My first breakthrough was then, while struggling for every new breath. Each breath had its own originality, its newness, and it was not a shadow of the first breath, each repetition filled with new life. Oneness has perplexed many, and most have failed to recognize inherent difference. It is like failing to observe the crevices and the slopes and simply seeing mountains as a mountain.
But then I lost the book at the airport. It was a bit chaotic and I was over-exhausted upon return. Like an apparatus, the book appeared on my doorstep once again. I can see it aging, we have aged together, I mean myself and DR. There is a real difference between these two losses that they were not. I was not aware of when and how I lost it, when it happened the first time. I had a specific date and place for the second loss. Each finding has its own originality; it is not a simulation of the first; each experience is unique, the felt dimension of bliss authentic and new. Being happy for the happiness felt in the past is still being happy.

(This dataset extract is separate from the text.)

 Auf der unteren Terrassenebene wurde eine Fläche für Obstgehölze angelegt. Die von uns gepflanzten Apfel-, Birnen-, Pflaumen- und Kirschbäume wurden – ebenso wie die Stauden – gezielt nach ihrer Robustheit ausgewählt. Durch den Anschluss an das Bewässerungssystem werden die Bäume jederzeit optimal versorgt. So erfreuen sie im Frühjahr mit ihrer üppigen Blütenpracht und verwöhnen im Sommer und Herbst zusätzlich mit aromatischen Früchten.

Tallness of a mountain or the depth of a book are ought to be felt. Mountains are not tall on their own; they are just mountains without names and concepts.
Kalidasa and Arab
Exiled in Ramagiri, Kalidasa suffocated. More than him missing his beloved that sparked the flare of love and as a consequence, the exile, he felt he had lost his soul by being away from the Himalayas. Had he not composed erotically explicit songs and not caused public gossip, Vikrama had kept his blind eyes when it came to the courtly affair between the queen and Kalidasa. Vikrama knew well that Ramagiri would teach Kalidasa a good lesson, as there is nothing more painful than to be chopped off your extended body that envelops the Himalayas.

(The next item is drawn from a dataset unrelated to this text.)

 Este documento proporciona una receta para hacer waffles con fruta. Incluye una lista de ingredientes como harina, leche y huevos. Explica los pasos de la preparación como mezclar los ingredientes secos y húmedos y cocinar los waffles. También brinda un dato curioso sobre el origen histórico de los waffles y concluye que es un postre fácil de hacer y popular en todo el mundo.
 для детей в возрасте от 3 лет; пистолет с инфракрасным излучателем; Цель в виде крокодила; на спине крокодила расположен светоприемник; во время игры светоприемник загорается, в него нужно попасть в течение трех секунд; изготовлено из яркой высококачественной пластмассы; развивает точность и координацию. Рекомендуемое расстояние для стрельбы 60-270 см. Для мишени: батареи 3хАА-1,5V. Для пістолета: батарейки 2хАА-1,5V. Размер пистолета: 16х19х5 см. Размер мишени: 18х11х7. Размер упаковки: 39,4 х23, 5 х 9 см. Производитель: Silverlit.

Hidden from the public eyes, when Kalidasa climbed Namche and encountered the Himalayas in their most glorious morning shine, he uttered: asty uttarasyāṃ diśi devatātmā | The queen, he knew, was a fluke. Himalayas, on the other hand, were interpenetrated with his being. Touching the big rocks, he uttered, father, let me have the sight of your charming daughter, Kaushiki. And Kaushiki as if chased him with her melodious sound. Her glorious hairs scattered in the rocks curled and resonated the dance of Shiva.
The higher Kalidasa climbed the more engrossed he became within nature. Forests changed their show and snow-caps frequented. Longing in his soul to merge with the “Divine Soul” that he called the Himalayas, he continued his journey.
One day, he met Arab on the roadside, perplexed and helpless with his sick wife. Unaware of modern contamination, Arab and his wife drank waters from the fountains and became ill. And elevation did not help either. It is then that Kalidasa’s medicinal wisdom became useful. Arab and Kalidasa became the best buddies for the rest of the journey.
During the last camp, Kalidasa started his prayer, composing love songs in praise of the Himalayas. Arab recalled his God. Next to Arab was an American couple. Taken aback, Kalidasa noticed the horror the couple felt. The poor guy even dropped off his fork and was literally shaking, turning even more pale. In other occasions, Kalidasa would have laughed but after the exile he had become somewhat sensitive.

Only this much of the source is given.